The remainder of this paper is organized as follows: In Section 2, we describe the experimental procedure, the proposed TFD-based features, the classification model, and the evaluation procedures. The experimental results and discussion are presented in Section 3 and Section 4, respectively. Finally, the conclusion is provided in Section 5.

2. Materials and Methods

2.1. Subjects

The EEG dataset employed in the current study is composed of two databases, namely $D{B}_1$ and $D{B}_2$. $D{B}_1$ includes EEG signals acquired from eighteen intact subjects (6 females and 12 males, 4 left-handed and 14 right-handed) who volunteered to participate in the experiments. The mean ± standard deviation age of the subjects was $21.2\pm 2.9$ years. Furthermore, the subjects did not have any known neurological or neuromuscular disorders. In $D{B}_2$, four male subjects with upper limb amputation participated in the experiments. The mean ± standard deviation age of the subjects was $28.5\pm 6.2$ years.

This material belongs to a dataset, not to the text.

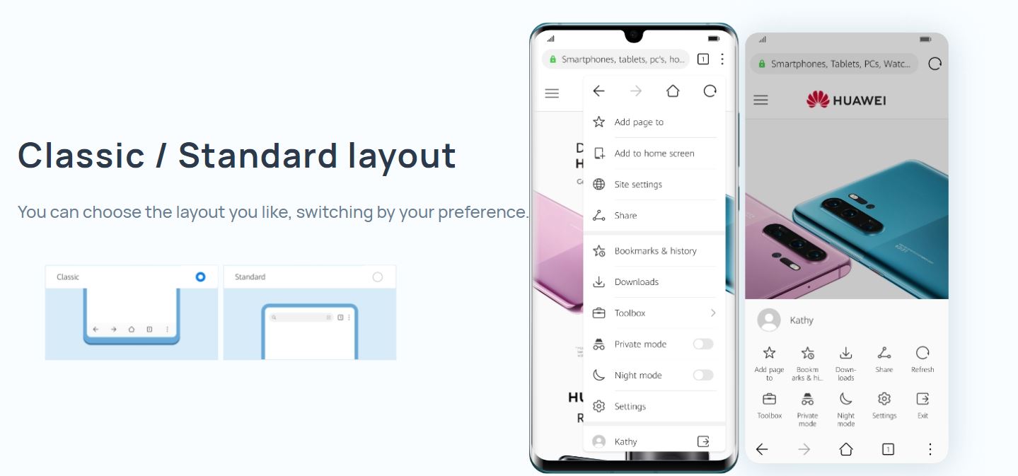 Huawei Browser یک مرورگر همراه امن با کاربری آسان محسوب میشودکه با درنظر گرفتن امنیت و حریم خصوصی کاربران توسعه یافته است. تا اواخر فوریه ۲۰۲۰ میلادی بیش از ۲۰۰ میلیون کاربر فعال ماهیانه از این مرورگر هوآوی برای وبگردی استفاده کردهاند.

Table 1. Detailed information about the amputation associated with each subject in $D{B}_2$.

Subject	Handedness	Amputated Hand	Years Since Amputation	Cause of Amputation	Prosthesis Use
$A{S}_1$	Right hand	Left hand	3.5	Accident	Cosmetic
$A{S}_2$	Right hand	Right hand	1.5	Accident	None
$A{S}_3$	Left hand	Left hand	4	Accident	Myoelectric
$A{S}_4$	Right hand	Right hand	5	Accident	Cosmetic

provides characterization information about the amputations associated with the subjects who were recruited in $D{B}_2$. Before data acquisition, the experimental procedure of our study was explained in details to each subject and signed consent forms were collected from all subjects. The participants had the chance to withdraw from the study at anytime during the experimental procedure. Moreover, the experimental procedure was reviewed and approved by the Research Ethics Committee at the German Jordanian University.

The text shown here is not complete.